By: Alice Guo, Ramya Iyer, Isabella Lee
While reinforcement learning (RL) has been extensively studied in games like No-Limit Texas Hold’em poker, Open-Face Chinese Poker (OFCP) remains largely unexplored. OFCP presents unique challenges due to its sparse reward system and complex hand dynamics. This paper investigates RL methods of Deep Q-Learning, Proximal Policy Optimization (PPO), and Monte Carlo Tree Search (MCTS) to see if it can be effective for OFCP.
We implemented and compared several RL algorithms in a self-play environment with no external datasets, pitting our agents against both rule-based and learning-based opponents.
- Q-Learning Baseline method due to small state spaces.
- Deep Q-Learning Inspired by Tan and Xiao (2018) implementation of DQN for OFCP.
- Double DQN: Reduces overestimation bias by decoupling action selection and evaluation.
- Dueling DQN: Separates the network into value and advantage streams for more precise Q-value approximation.
- Stable policy gradient learning and stochastic decision-making, suitable for imperfect information and uncertainty.

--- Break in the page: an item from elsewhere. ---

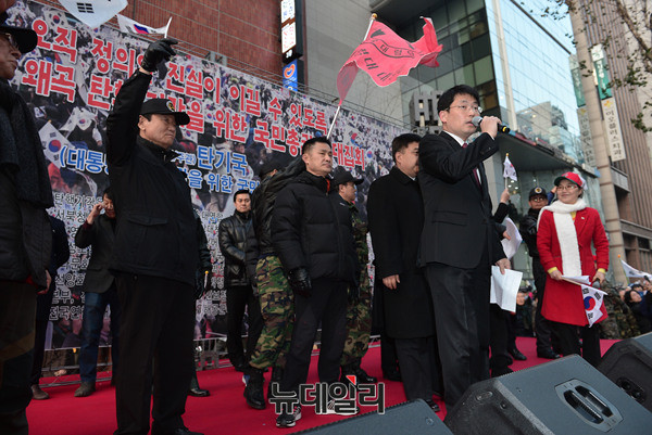 이날 집회는 오후 2시부터 코엑스 인근 영동대로에서 시작해 특검 사무실이 있는 선릉역을 거쳐 강남역 까지 태극기를 흔들며 가두행진을 이어갔다.

- Includes clipped surrogate optimization, entropy regularization, and Generalized Advantage Estimation (GAE) for improved tie-breaking.

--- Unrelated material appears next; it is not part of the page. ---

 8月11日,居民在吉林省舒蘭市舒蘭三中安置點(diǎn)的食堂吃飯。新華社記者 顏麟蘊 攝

- Explores potential card placements and simulates future rollouts.
- Implements optimizations like Cross-Entropy Method (CEM), Rapid Action Value Estimation (RAVE), and Counterfactual Regret Minimization (CFR) to improve early move decisions and long-term planning.

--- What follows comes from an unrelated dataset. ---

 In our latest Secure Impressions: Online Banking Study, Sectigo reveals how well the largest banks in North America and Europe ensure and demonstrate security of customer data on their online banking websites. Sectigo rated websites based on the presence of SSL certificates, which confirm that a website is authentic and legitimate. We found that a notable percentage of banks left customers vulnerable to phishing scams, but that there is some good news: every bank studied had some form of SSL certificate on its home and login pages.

- Custom two-player OFCP environment with deck management, card placement, and hand validation.
- Rewards aligned with OFCP rules (winning hands, fouling, scooping, royalties).
- Agents trained via self-play and evaluated by:
- Method win rate
- Bot win rate
- Average points per game
- Training efficiency
| Method | Win Rate (Model) | Bot Win Rate | Avg Points/Game | Evaluation Time (100 games) |
|---|---|---|---|---|
| MCTS | 89% | 3% | 11.2 | 447 minutes |
| PPO + GAE | 41% | 0% | 5.02 | 20 seconds |
| Double DQN | 35% | 23% | 3.50 | 4 minutes 16 seconds |
- MCTS outperformed other methods with the highest win rate and points, but incurred a significant computational cost (~200x slower than PPO).
- PPO demonstrated competitive performance with much faster evaluation.
- Double Deep Q-learning methods were less effective overall but still outperformed random play (Q-learning & DQN didn't outperform random play).
- Our focus was on two-player OFCP, excluding multi-player variants and advanced rule sets (e.g., Fantasyland, Shoot the Moon).
- While MCTS offers superior gameplay quality, its computational overhead limits real-time applications.
- Future work aims to:
- Optimize MCTS efficiency (e.g., parallel rollouts, learned policies).
- Explore hybrid neuroevolution-RL techniques to handle sparse rewards.
- Enhance lightweight methods for better decisiveness without heavy compute.
Key takeaway: All three classes of RL methods outperform a random bot, with MCTS showing the strongest performance (89% method win rate).